** Opening Given data block **
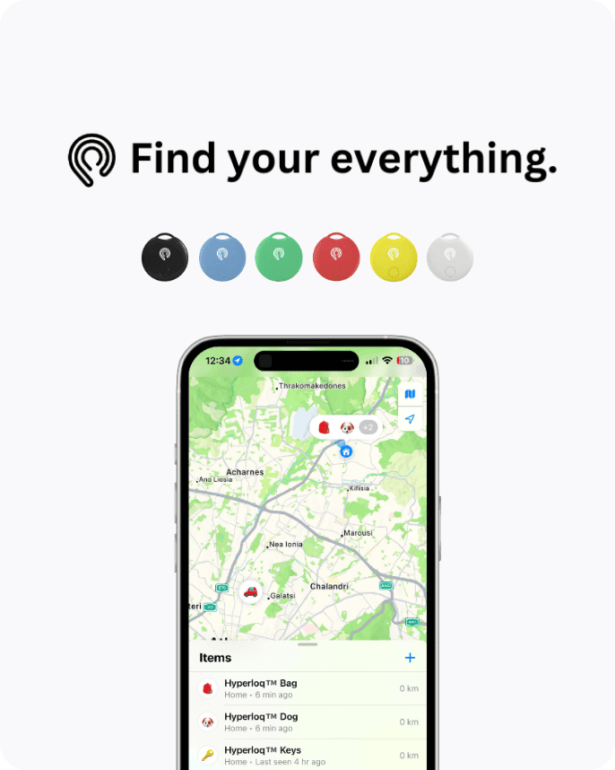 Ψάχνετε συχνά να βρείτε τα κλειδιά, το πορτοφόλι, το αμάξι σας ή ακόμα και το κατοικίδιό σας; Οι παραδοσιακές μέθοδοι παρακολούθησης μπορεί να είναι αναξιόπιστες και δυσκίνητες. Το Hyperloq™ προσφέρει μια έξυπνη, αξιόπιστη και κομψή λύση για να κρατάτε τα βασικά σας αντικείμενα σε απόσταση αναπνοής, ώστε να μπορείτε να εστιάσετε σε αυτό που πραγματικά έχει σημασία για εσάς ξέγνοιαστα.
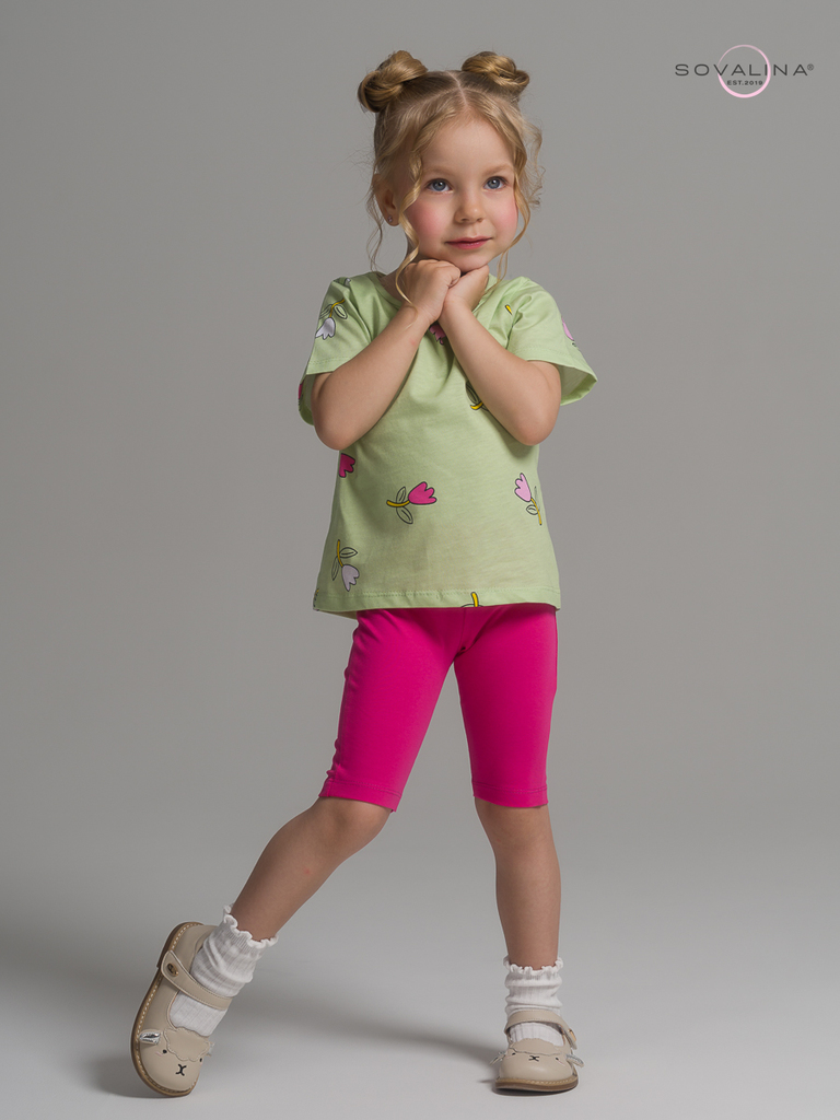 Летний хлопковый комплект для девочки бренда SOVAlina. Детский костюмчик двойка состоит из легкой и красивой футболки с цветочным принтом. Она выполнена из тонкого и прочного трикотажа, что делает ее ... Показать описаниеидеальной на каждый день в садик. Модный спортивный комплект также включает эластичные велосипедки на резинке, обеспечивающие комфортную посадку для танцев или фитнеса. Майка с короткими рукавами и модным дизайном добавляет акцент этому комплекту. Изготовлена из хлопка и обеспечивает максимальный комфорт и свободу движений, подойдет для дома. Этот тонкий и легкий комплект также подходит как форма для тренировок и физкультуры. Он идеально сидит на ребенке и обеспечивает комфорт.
** Closing Given data block **
** Opening Given data block **
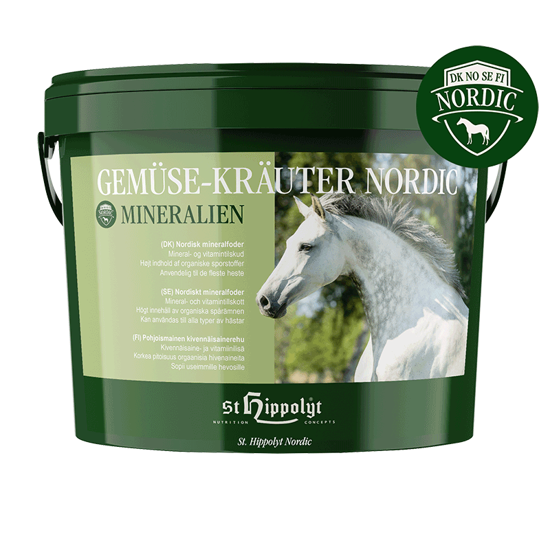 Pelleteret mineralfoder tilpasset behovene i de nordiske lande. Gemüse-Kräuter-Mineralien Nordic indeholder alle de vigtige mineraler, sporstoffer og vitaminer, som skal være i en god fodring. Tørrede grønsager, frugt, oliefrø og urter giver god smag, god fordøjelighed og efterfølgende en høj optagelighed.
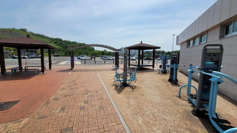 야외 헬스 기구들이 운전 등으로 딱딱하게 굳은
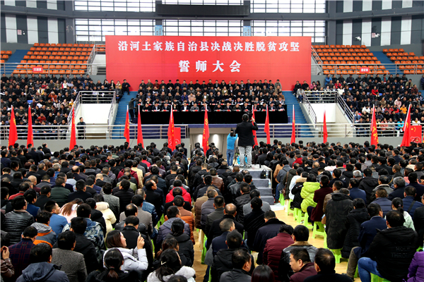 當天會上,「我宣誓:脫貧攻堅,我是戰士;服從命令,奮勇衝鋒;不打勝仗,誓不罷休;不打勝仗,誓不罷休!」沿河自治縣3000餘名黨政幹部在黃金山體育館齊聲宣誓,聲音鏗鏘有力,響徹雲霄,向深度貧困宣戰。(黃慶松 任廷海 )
** Closing Given data block **
** Opening Given data block **
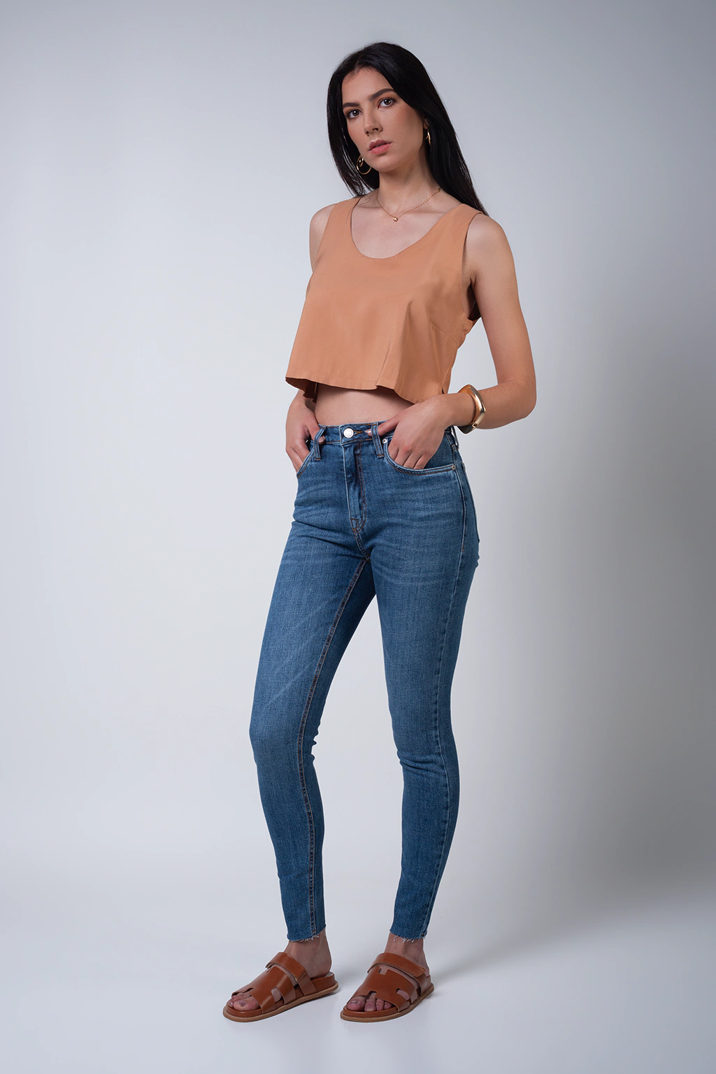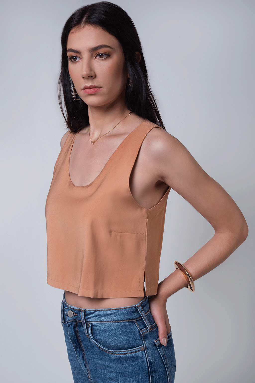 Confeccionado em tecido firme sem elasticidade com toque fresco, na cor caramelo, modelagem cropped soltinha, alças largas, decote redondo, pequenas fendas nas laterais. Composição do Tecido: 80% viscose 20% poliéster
** Closing Given data block **
Work instruction: From the material above, give again exactly the lines from the one that contains "Ψάχνετε συχνά να" through the one that contains "Летний хлопковый комплект", and leave out the pictures.

Written reply:
 Ψάχνετε συχνά να βρείτε τα κλειδιά, το πορτοφόλι, το αμάξι σας ή ακόμα και το κατοικίδιό σας; Οι παραδοσιακές μέθοδοι παρακολούθησης μπορεί να είναι αναξιόπιστες και δυσκίνητες. Το Hyperloq™ προσφέρει μια έξυπνη, αξιόπιστη και κομψή λύση για να κρατάτε τα βασικά σας αντικείμενα σε απόσταση αναπνοής, ώστε να μπορείτε να εστιάσετε σε αυτό που πραγματικά έχει σημασία για εσάς ξέγνοιαστα.
 Летний хлопковый комплект для девочки бренда SOVAlina. Детский костюмчик двойка состоит из легкой и красивой футболки с цветочным принтом. Она выполнена из тонкого и прочного трикотажа, что делает ее ... Показать описаниеидеальной на каждый день в садик. Модный спортивный комплект также включает эластичные велосипедки на резинке, обеспечивающие комфортную посадку для танцев или фитнеса. Майка с короткими рукавами и модным дизайном добавляет акцент этому комплекту. Изготовлена из хлопка и обеспечивает максимальный комфорт и свободу движений, подойдет для дома. Этот тонкий и легкий комплект также подходит как форма для тренировок и физкультуры. Он идеально сидит на ребенке и обеспечивает комфорт.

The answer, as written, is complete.